Several techniques keep the UI smooth during streaming:

  1. scroll_end(animate=False) — Auto-scrolls the chat log without animation (animation would lag behind fast token output)
  2. Stats bar updates via stats_bar.update() — Uses Textual's reactive update mechanism rather than direct terminal writes
  3. Cancellation check on each chunkif worker.is_cancelled: break ensures Ctrl+C stops streaming immediately rather than waiting for the current chunk
  4. Input disabled during streaming — Prevents overlapping requests

Patterns You Can Reuse

Command Dispatch Tables

Instead of a long if/elif chain for command routing, Zorac uses a dictionary mapping commands to handler methods:

self.command_handlers = {
    "/quit": self.cmd_quit,
    "/exit": self.cmd_quit,  # Alias
    "/help": self.cmd_help,
    "/clear": self.cmd_clear,
    "/save": self.cmd_save,
    ...
}

# Routing is a simple lookup
if cmd in self.command_handlers:
    await self.command_handlers[cmd](parts)
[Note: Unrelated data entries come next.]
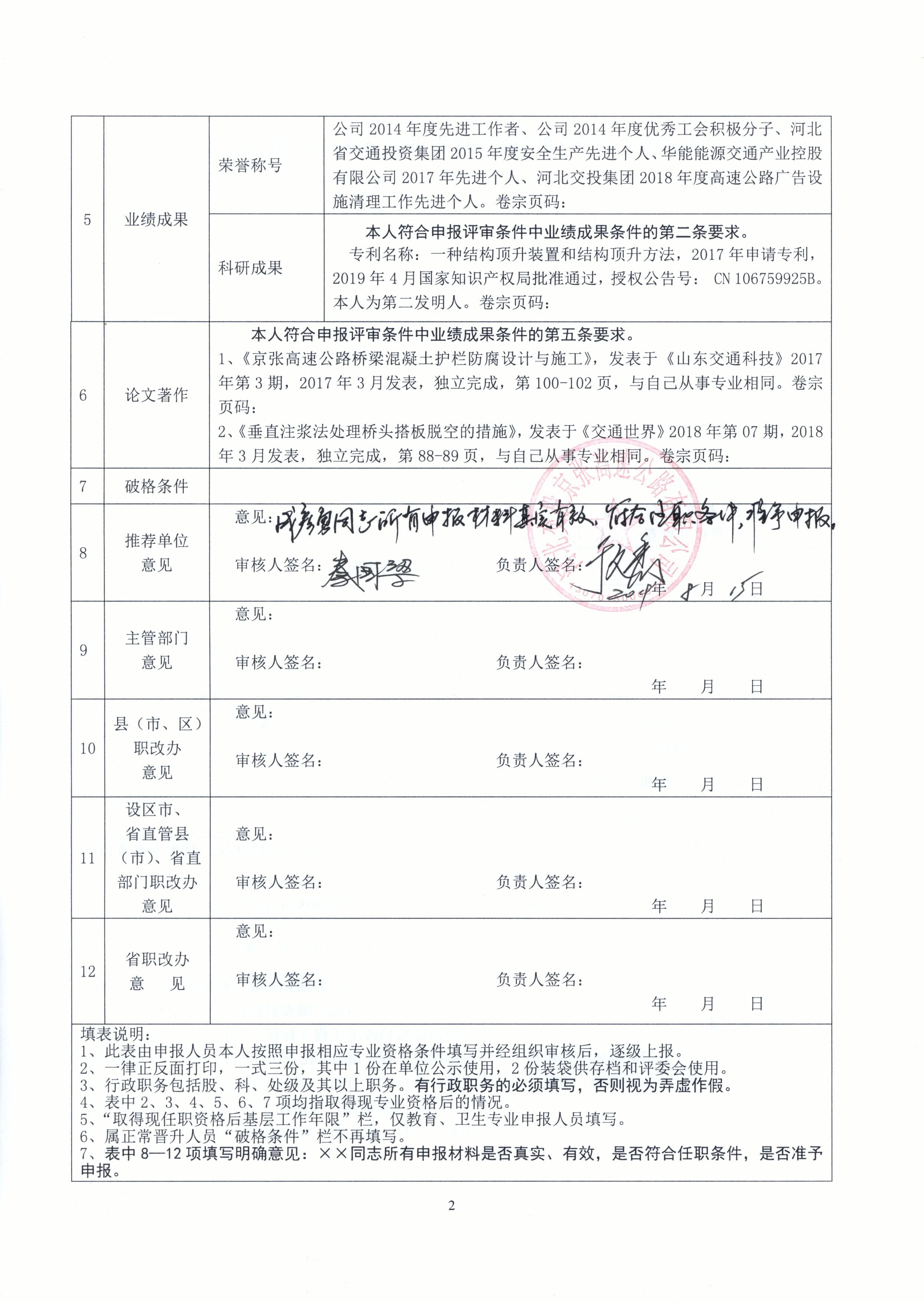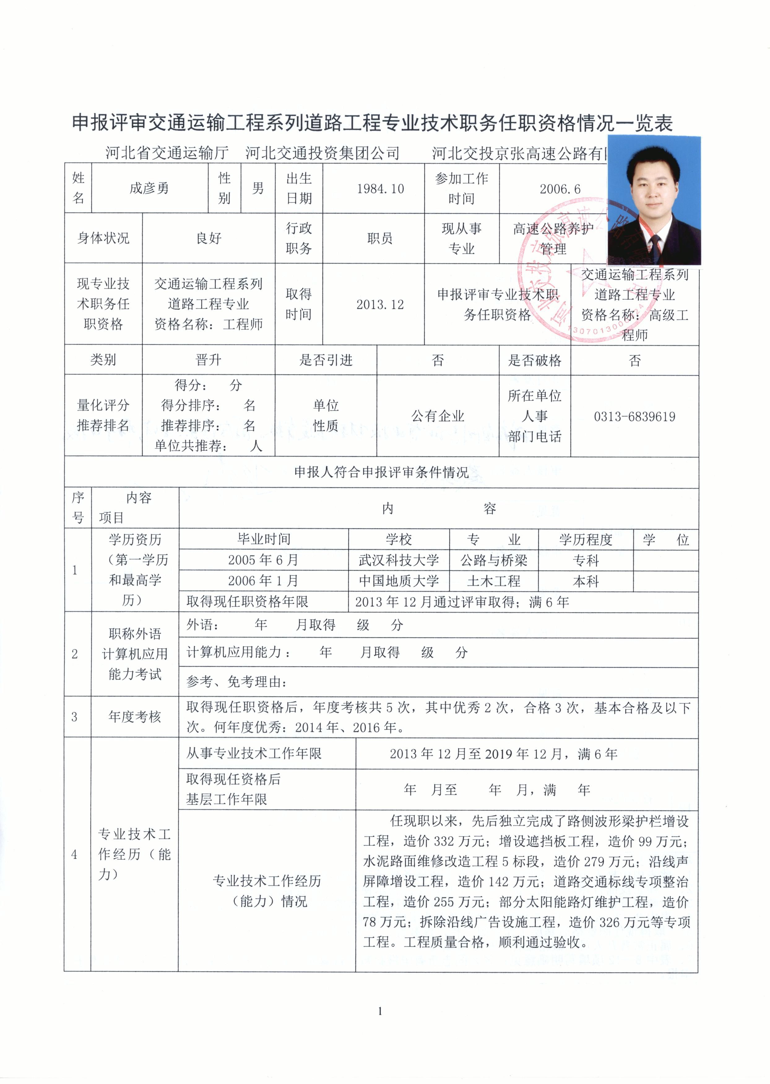 河北交投京張高速公路有限公司2019年度職稱申報人員基本情況公示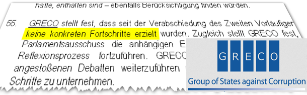 Und so wird GRECO in ihrem demnächst erscheinenden Umsetzungsbericht wohl erneut "starke Bedenken wegen der sehr begrenzten Aufmerksamkeit, die einige Empfehlungen zu Fragen von hoher Wichtigkeit erfahren haben" äußern - und die Regierungskoalition wird diese Rüge erneut ignorieren.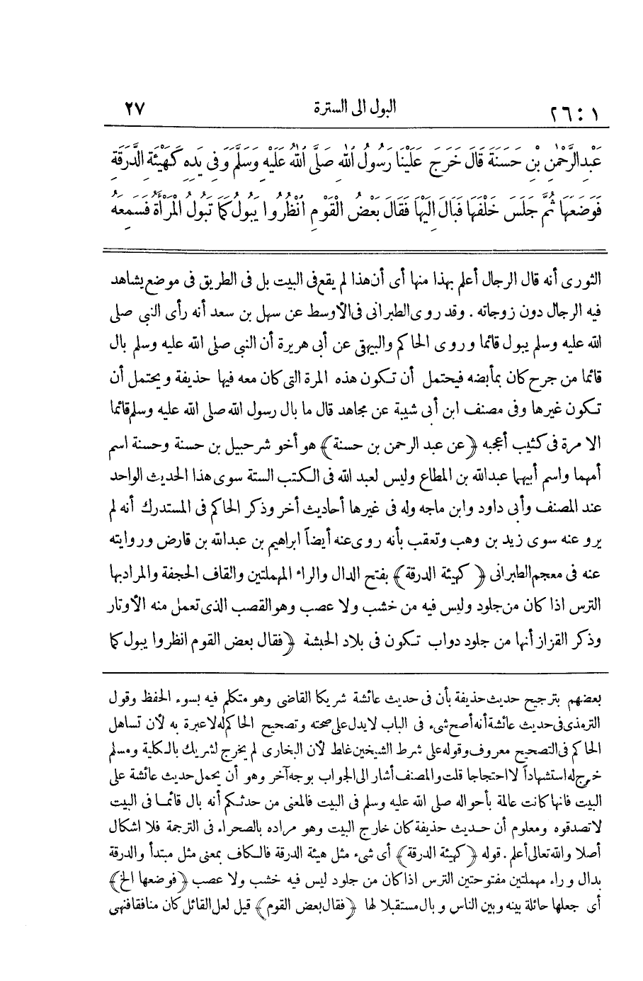 [30] عَن عبد الرَّحْمَن بن حَسَنَة هُوَ أَخُو شُرَحْبِيل بن حَسَنَةَ وَحَسَنَةُ اسْمُ أُمِّهِمَا وَاسْمُ أَبِيهِمَا عَبْدُ اللَّهِ بْنُ الْمُطَاعِ وَلَيْسَ لِعَبْدِ اللَّهِ فِي الْكُتُبِ السِّتَّةِ سِوَى هَذَا الْحَدِيثِ الْوَاحِدِ عِنْدَ المُصَنّف وَأبي دَاوُد وبن مَاجَهْ وَلَهُ فِي غَيْرِهَا أَحَادِيثُ أُخَرُ وَذَكَرَ الْحَاكِمُ فِي الْمُسْتَدْرَكِ أَنَّهُ لَمْ يَرْوِ عَنْهُ سِوَى زَيْدِ بْنِ وَهْبٍ وَتُعُقِّبَ بِأَنَّهُ رَوَى عَنْهُ أَيْضًا إِبْرَاهِيمُ بْنُ عَبْدِ اللَّهِ بْنِ قَارِضٍ وَرِوَايَتُهُ عَنْهُ فِي مُعْجَمِ الطَّبَرَانِيِّ كَهَيْئَةِ الدَّرَقَةِ بِفَتْحِ الدَّالِ وَالرَّاءِ الْمُهْمَلَتَيْنِ وَالْقَافِ الْحَجَفَةُ وَالْمُرَادُ بِهَا التُّرْسُ إِذَا كَانَ مِنْ جُلُودٍ وَلَيْسَ فِيهِ مِنْ خَشَبٍ وَلَا عَصَبٍ وَهُوَ الْقَصَبُ الَّذِي تُعْمَلُ مِنْهُ الْأَوْتَارُ وَذَكَرَ الْقَزَّازُ أَنَّهَا مِنْ جُلُودِ دَوَابٍّ تَكُونُ فِي بِلَادِ الْحَبَشَةِ فَقَالَ بَعْضُ الْقَوْمِ اُنْظُرُوا يَبُولُ كَمَا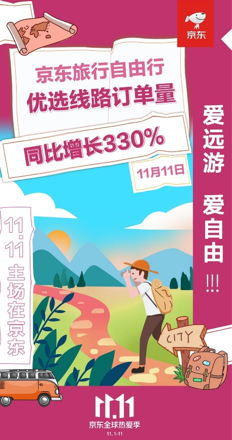 但有过来人说,表白可不是脱单的最终目的,什么“表白不是进攻的冲锋号,而是胜利的号角”,其实说得不严密,事实上,表白成功其实是下一阶段的开始:追到手不是结束,总得让另一半时时刻刻都有惊喜,才能保持热恋不褪色。到了这个阶段,送花送礼已经是日常操作,一起旅游才最能让感情升温。这时候,京东零售集团CEO徐雷和携程集团联合创始人、董事局主席梁建章两尊大神相约直播间向你招手。11.11 期间,京东平台酒店订单同比增长了7.2倍,不用多说,不少都是幸福的新情侣。在已经售出的能绕地球800圈的飞机里程中,走遍了四川、江浙等地的各大景点也让感情快速升温。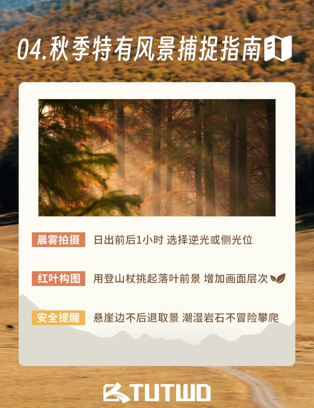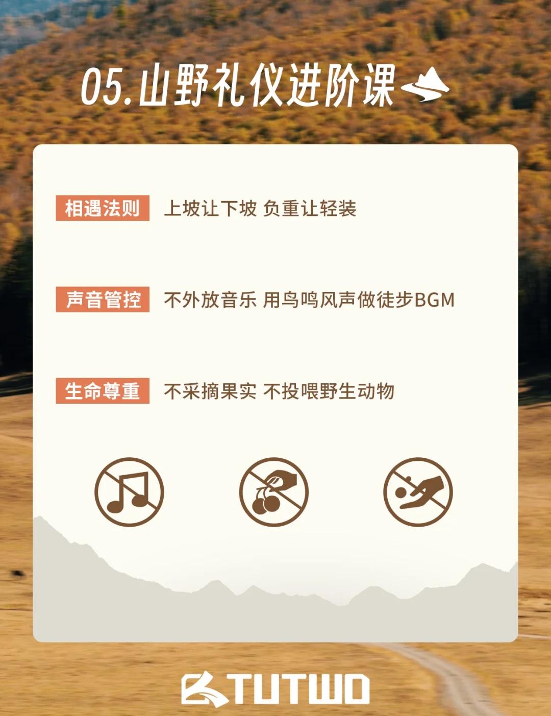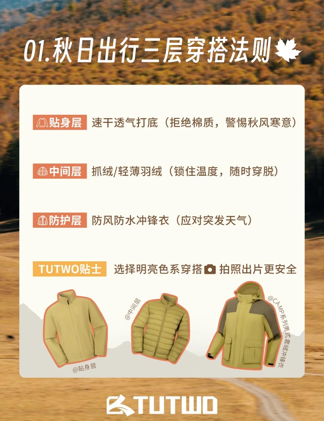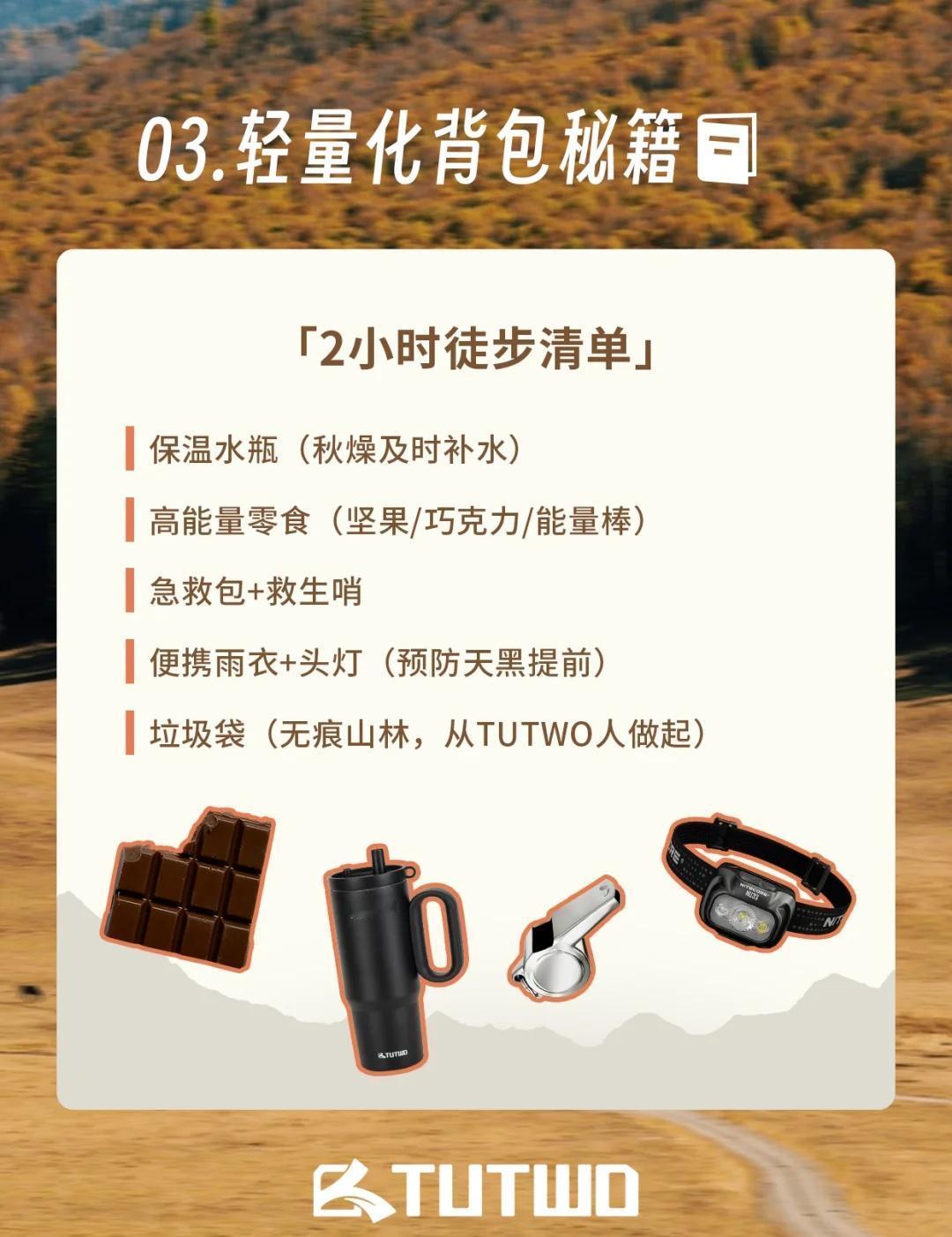 TUTWO图途秋季轻户外|唤醒你的山野DNA! 亲爱的@TUTWO图途“途友”们, 秋意渐浓,山色斑斓,正是走出城市、拥抱自然的黄金季节。 作为你的轻户外伙伴, @TUTWO图途 为你准备了这份「秋季户外干货指南」 ——无需专业硬核,只需一颗向往自由的心。 �� 秋日出行三层穿搭法则 • 贴身层:速干透气打底(拒绝棉质,警惕秋风寒意) • 中间层:抓绒/轻薄羽绒(锁住温度,随时穿脱) • 防护层:防风防水冲锋衣(应对突发天气) ✨ TUTWO贴士:选择明亮色系穿搭,拍照出片更安全 �� 徒步关键:双脚的满分呵护 • 选鞋标准:防滑底+踝部支撑+轻量化(应对湿滑落叶与碎石路) • 穿鞋秘诀:提前穿厚袜试鞋,下山时脚趾前留一指空间 • 必备动作:行前拉伸脚踝,行后放松小腿 �� 轻量化背包秘籍 「2小时徒步清单」: ✓ 保温水瓶(秋燥及时补水) ✓ 高能量零食(坚果/巧克力/能量棒) ✓ 急救包+救生哨 ✓ 便携雨衣+头灯(预防天黑提前) ✓ 垃圾袋(无痕山林,从TUTWO人做起) �� 秋季特有风景捕捉指南 • 晨雾拍摄:日出前后1小时,选择逆光或侧光位 • 红叶构图:用登山杖挑起落叶前景,增加画面层次 • 安全提醒:悬崖边不后退取景,潮湿岩石不冒险攀爬 �� 山野礼仪进阶课 • 相遇法则:上坡让下坡,负重让轻装 • 声音管控:不外放音乐,用鸟鸣风声做徒步BGM • 生命尊重:不采摘果实,不投喂野生动物 这个秋天,@TUTWO图途 与你相约: 不必征服群山,只需走进自然 在铺满银杏的古道漫步 在晨雾弥漫的山脊深呼吸 让轻型装备承载轻松心情 让每一片红叶都成为旅途的勋章 评论区互动: 分享你的「秋日徒步必带神器」 抽3位“途友”赠送新款户外装备礼包 徒步圈 TUTWO图途 TUTWO图途说走就走的勇气 TUTWO图途轻装上阵走更远 户外知识 图途户外 轻户外风格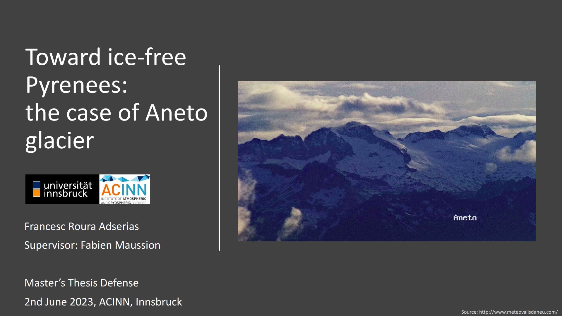 After some days of foehn, snow, high temperatures, thunderstorms and pictures to all type of clouds (yes, we have a whatsapp group where to share cloudpics) I was about to start the master’s thesis about the future evolution of Aneto glacier, the biggest in the Pyrenees. Even though I had already in mind that I would not stay in the field of glaciology, I still found extreme timely and important to project the evolution of Aneto, as we are the first and at the same time last generation able to do so. Therefore I forwarded this idea to Fabien, who accepted it but at the same time proposed some other interesting topics.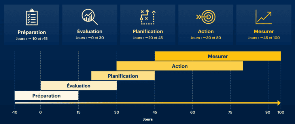 Pas de panique ! Gartner, référence de la recherche en informatique, a concocté un programme sur mesure pour vous aider à traverser ces 100 premiers jours, souvent tumultueux.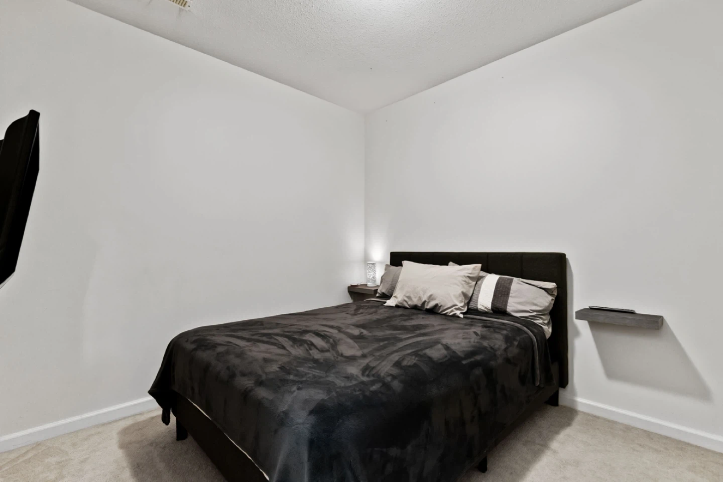 Dark grey upholstered queen bed frame with a padded headboard. It's a sturdy and stylish addition to any bedroom. The bed frame requires assembly. Includes all hardware.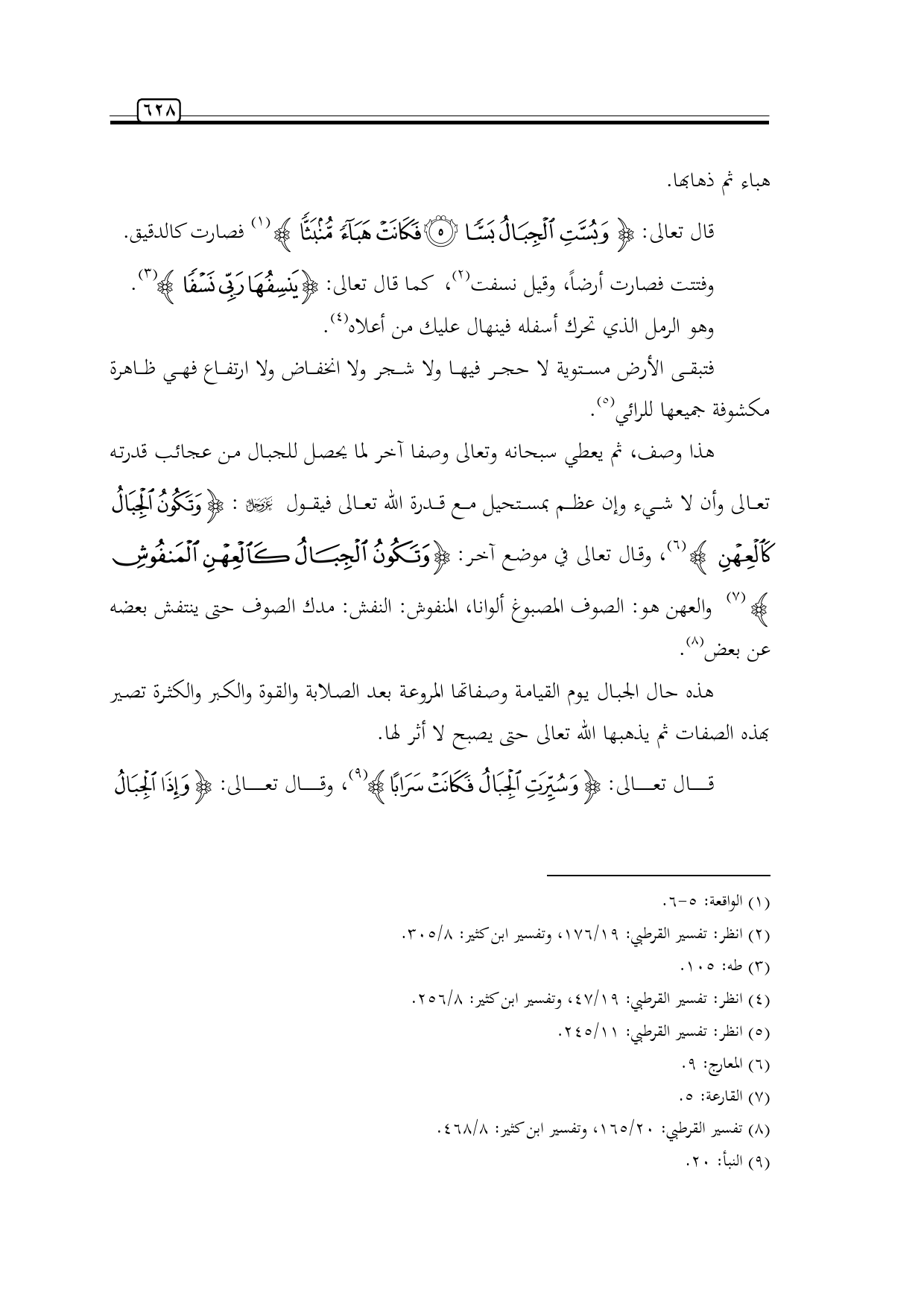 هذا وصف، ثم يعطي سبحانه وتعالى وصفا آخر لما يحصل للجبال من عجائب قدرته تعالى وأن لا شيء وإن عظم بمستحيل مع قدرة الله تعالى فيقول -عز وجل-: {وَتَكُونُ الْجِبَالُ كَالْعِهْنِ} (¬6)، وقال تعالى في موضع آخر: {وَتَكُونُ الْجِبَالُ كَالْعِهْنِ الْمَنْفُوشِ} (¬7) والعهن هو: الصوف المصبوغ ألوانا، المنفوش: النفش: مدك الصوف حتى ينتفش بعضه عن بعض (¬8).

This pattern makes it easy to add new commands — define a cmd_* method and add an entry to the dictionary. The command list is also used to generate help text and autocomplete suggestions.

Auto-Resizing Input

The ChatInput widget auto-resizes between 1 and 5 lines based on content:

def _auto_resize(self) -> None:
    line_count = self.document.line_count
    content_height = max(1, min(5, line_count))
    self.styles.height = content_height + self._BORDER_OVERHEAD

This technique — setting styles.height dynamically based on content — works for any Textual widget. The _BORDER_OVERHEAD constant (2) accounts for the border's top and bottom rows.

Persistent Stats Bar

The stats bar pattern — a docked Static widget that displays contextual information — is reusable in any Textual application:

# In compose()
yield Static(" Ready ", id="stats-bar")

# Update from anywhere
stats_bar = self.query_one("#stats-bar", Static)
stats_bar.update(f" {tokens} tokens | {elapsed:.1f}s | {tps:.1f} tok/s ")

The stats bar shows different content depending on the application state:

  • Before any chat: "Ready" or session info
  • During streaming: Real-time token count, elapsed time, tokens/second
  • After streaming: Final response stats plus conversation totals

This provides always-available status information without cluttering the chat log.